But this.
These were presumably people who were healthy in body and mind, doing their job, carrying out a task as ordered by the authority that paid their salaries.
Humiliate.
As much as possible.
When we’ve got him again, he’s to be undressed outside, his bare penis seen by everyone who’s watching, make him bend over so we can shove a suppository up his ass and then put a diaper on him, let him know that we’re watching, let him know that the state can violate you if it wants to.
Ewert Grens looked out of the window at the white fluffy clouds as they passed through them.
He had never experienced a humiliation that was so impossible to understand, an abuser who was so elusive. A state. An authority.
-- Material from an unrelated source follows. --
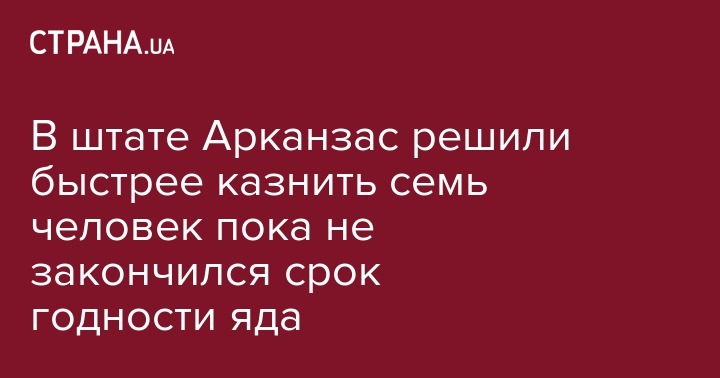 Власти штата Арканзас (США) постановили оперативно привести в исполнения смертные приговоры семерым осужденным из-за окончания срока годности используемого для "последней инъекции" яда. Казни собрались провести в течение двух следующих недель.

This time it wasn’t possible to explain it away with one-off, psychologically sick; this was a pact with the electorate, the people.
None of them said a word on the flight home.
They listened to music on their earphones and flicked through the morning papers that had been lying on the tables even before they left Sweden. Grens, Sundkvist, Hermansson—they tried not to look at each other, scared that they might then be expected to strike up a conversation.
They parted at Bromma Airport. Ewert Grens asked Sven and Hermansson to go directly home and take the rest of the day off, then use the weekend to forget, and to spend time with people they liked being with. Sven had muttered that with Grens as his boss, he knew how things usually turned out when he tried to take time off, and they had managed to muster a laugh before he got into a taxi, paid for by the City Police, that would take him all the way from the airport to his home in Gustavsberg.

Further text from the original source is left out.